In poker, you will see a lot of players in Texas Hold’em playing weird junky hands like J5o represented as follows:

In Texas Hold’em poker slang, the hand is called the “Jackson Five”.  For those of you funky hipsters who happen to remember or like the Jacksons, playing this hand is not so easy as “A-B-C”.  By the way if you get a hand of Jacks and fives, and the board is something like this:

the slang term for that hand is “Motown”. Get down on it!

So, cool cats. Can you dig what the odds are that this is a good starting hand? Let’s see how funky fresh it looks like statistically speaking.

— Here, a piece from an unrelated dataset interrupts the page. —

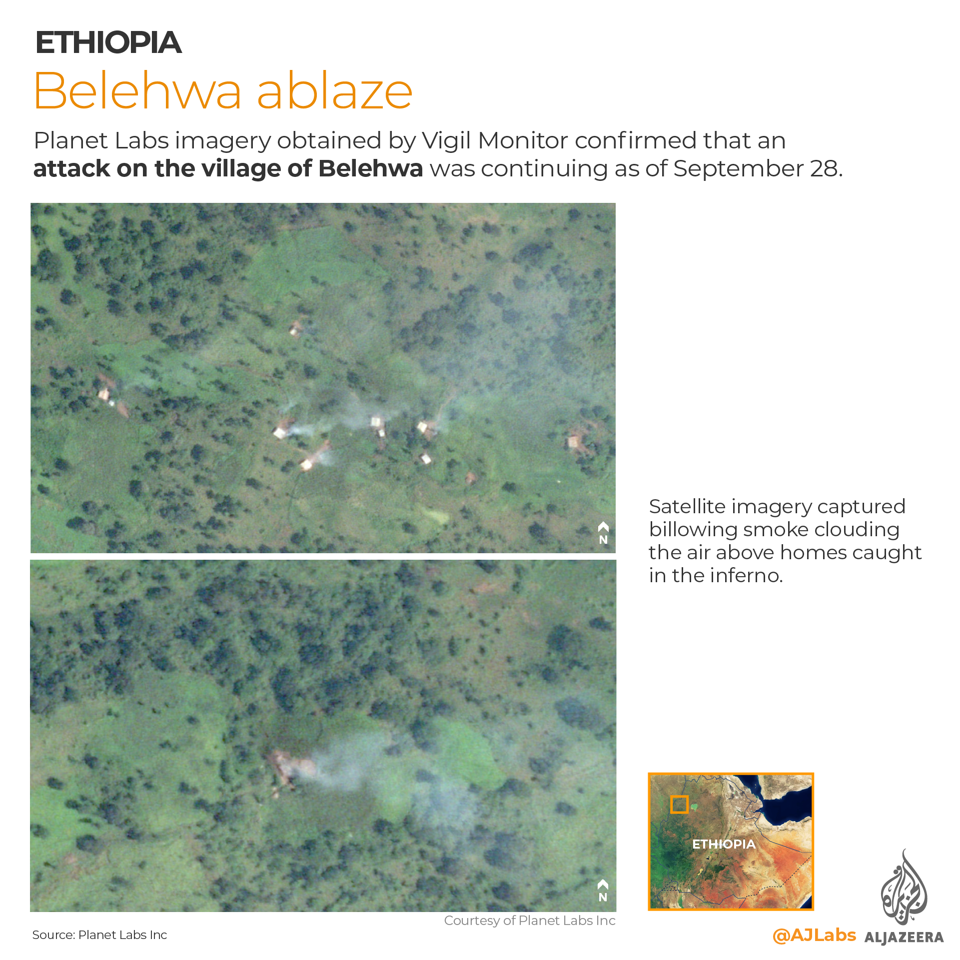Planet Labs imagery obtained by Vigil Monitor confirmed that an attack on the village of Belehwa was ongoing as of September 28. Satellite imagery captured the billowing smoke clouding the air above homes caught in the inferno.

Like a lot of starting hands, initially, it is yucky preflop compared to anything else. Your preflop hand rank of is 142 out of 169 with 1 being the best hand rank and 169 being the worst. Let us say that you get the best of all worlds and everybody folds except for one player. The odds preflop are that you have a lousy 38% chance of winning if you make it to a showdown roughly based on 1,500,000 or so hands being dealt. If you have five other opponents your stock in the J5o drop to 10%.

Ah ha, some may argue but what if it is a no-limit game and I am getting great pot odds for staying in the game? My answer is that it depends. Where I disagree with a lot of poker experts is that just because you may be getting great pot odds to stick around and bet, it doesn’t mean you have to play the hand.

Why is that?

Because the reason your odds are so great is that statistically you will lose your money more times than you will win it. The people who like to play The Jackson Five hand do this because it is their secret favorite hand to surprise people when they hit it or because they may have it once or twice before and gotten lucky and they tend only to remember that winning hand.

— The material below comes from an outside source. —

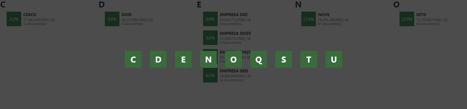 Para cada empresa é apresentado um resumo da quantidade de documentos recepcionados no período selecionado, considerando o último status de cada documento (Autorizado, Cancelado ou Denegado). Com base nas recepções, é mostrado a participação de cada empresa com relação às demais, no período filtrado.

If you are in the big blind and can just go in without doing anything else, you have already paid to see the flop so stick around. I would suggest though you be willing to fold if you are in a low limit game and see an overcard or three of a different suit then you have and neither of the cards are a Jack or a Five.

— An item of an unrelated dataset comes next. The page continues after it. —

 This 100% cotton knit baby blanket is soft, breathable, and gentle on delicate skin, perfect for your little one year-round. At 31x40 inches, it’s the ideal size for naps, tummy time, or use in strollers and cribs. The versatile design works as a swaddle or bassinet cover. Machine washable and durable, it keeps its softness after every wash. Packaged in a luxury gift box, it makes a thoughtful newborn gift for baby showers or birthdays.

Use your own discretion and your mileage may vary.

When it comes to music I still like to listen to the Jackson Five but when it comes to the cards, they are sour notes.

Kim Greenblatt

Questions or comments? Let me know about them! Thanks for taking the time to visit and for more information or to get back to the beginning of the blog, go here.

When it comes to some hands in poker, the J5o, also known as “Jackson Five” is off key.

2 Responses to “In Poker, The Jackson Five is A Lot of Jive”

  1. jack off says:

    […] Hold’em? Not very in this web analysis by Kim Greenblatt, author of poker books. Read more here. how-to site for beginning male […]

  2. […] for any game climate changes (the game goes from too tight to too loose, etc). I was dealt the jack and five of clubs and I was under the gun. Normally, in a regular, “average” game where the players are […]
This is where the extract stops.